— Сейчас будут, — ответил тот на его немой вопрос.
Он, по-видимому, уже собрался что-то предпринять, как вдруг из подворотни напротив вынырнул какой-то странный тип в кожаном пиджаке и шустро направился к заведению, расталкивая на ходу встречных прохожих. Как нож масло, он рассек скопление желающих попасть в ресторан и стал энергично тарабанить в двери. Верховцев с интересом стал рассматривать невесть откуда появившегося возмутителя спокойствия. Тот был невысокого роста, даже, пожалуй, низкого, что-то под метр шестьдесят, на вид лет пятьдесят с хвостиком. На крупной голове самыми приметными были перебитый мясистый нос, слегка оттопыренные уши и огненно-рыжий ежик коротко стриженных волос. При всей видимой агрессивности действий, лицо у нетерпеливого клиента было совсем не злое и своим выражением и некоторыми чертами, кого-то очень напоминало Верховцеву, только он никак не мог вспомнить, кого.

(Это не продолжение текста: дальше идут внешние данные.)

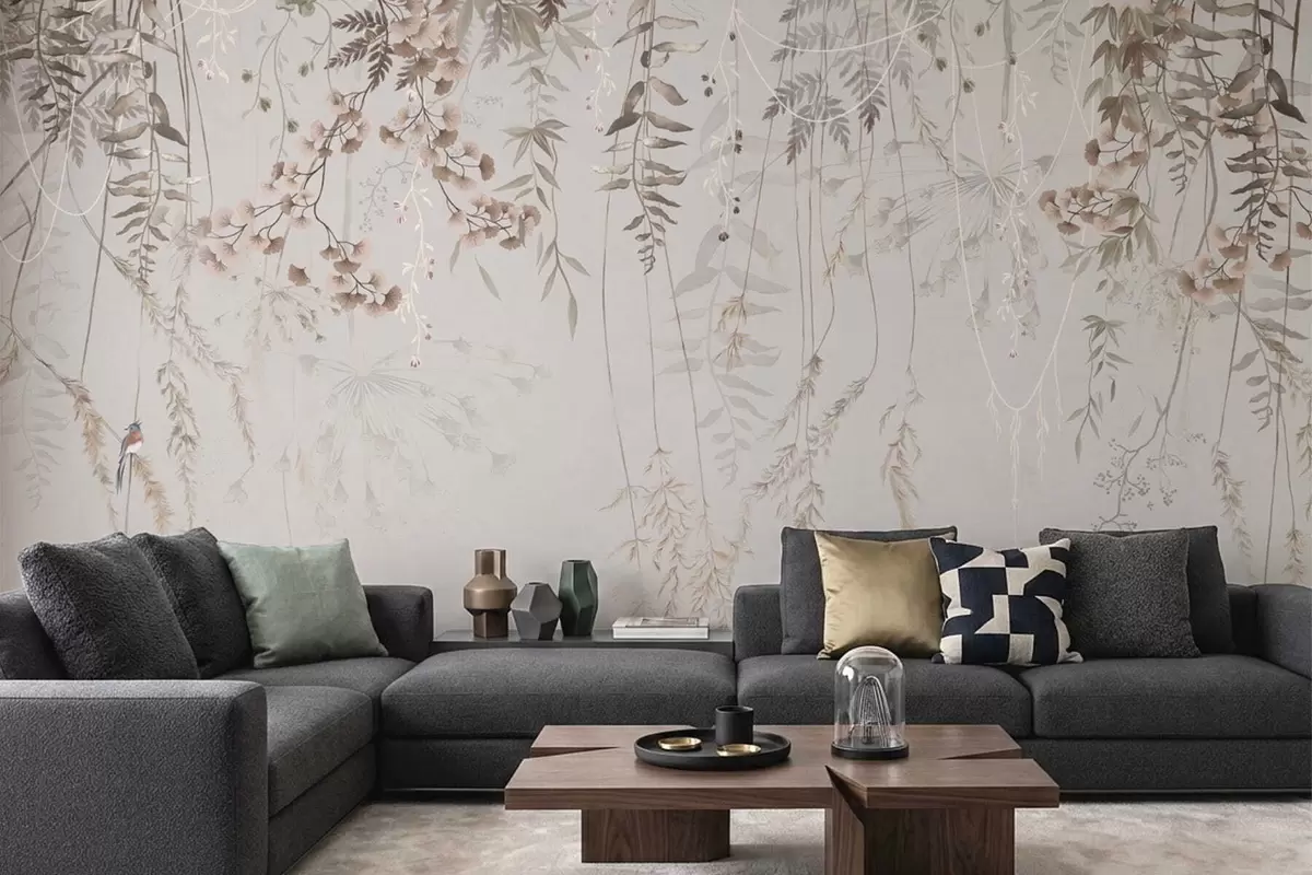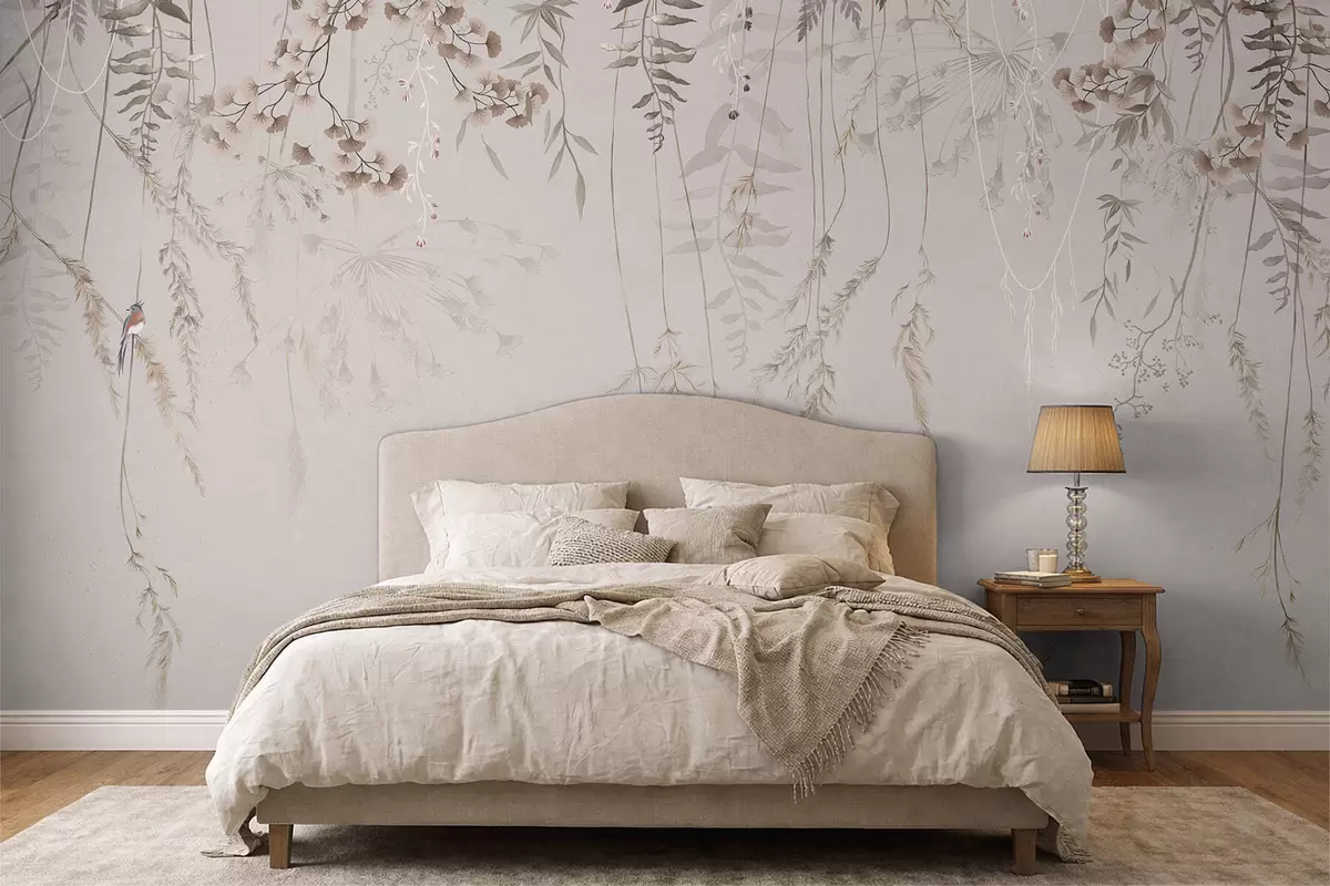Fototapeedid Õrnalt ripuvad rohttaimed heledal taustal Nr w05320v2

Казалось, что Джексон читал его мысли:
— Не мучайся, когда я скажу, какая у него кличка, ты сразу все поймешь. А кликуха у него — Бельмондо.
И действительно, физиономия этого плотно сбитого крепыша имела весьма уловимое сходство с ликом знаменитого француза. Правда, если настоящий Бельмондо являл собой эталон элегантности, шарма и мужского достоинства, то этот субъект своими повадками и мимикой больше напоминал другого не менее известного француза актера-комика Луи де Фюнеса. Верховцев не мог сдержать улыбки.
Дверь по-прежнему не открывалась, местный Бельмондо уже разозлился не на шутку и стал лупить по ней ногами. Табличка за стеклом наконец отодвинулась, и в амбразуру выглянула заплывшая шайба швейцара.
— Ага, на воротах Кеша, — тихо сообщил Верховцеву Джексон.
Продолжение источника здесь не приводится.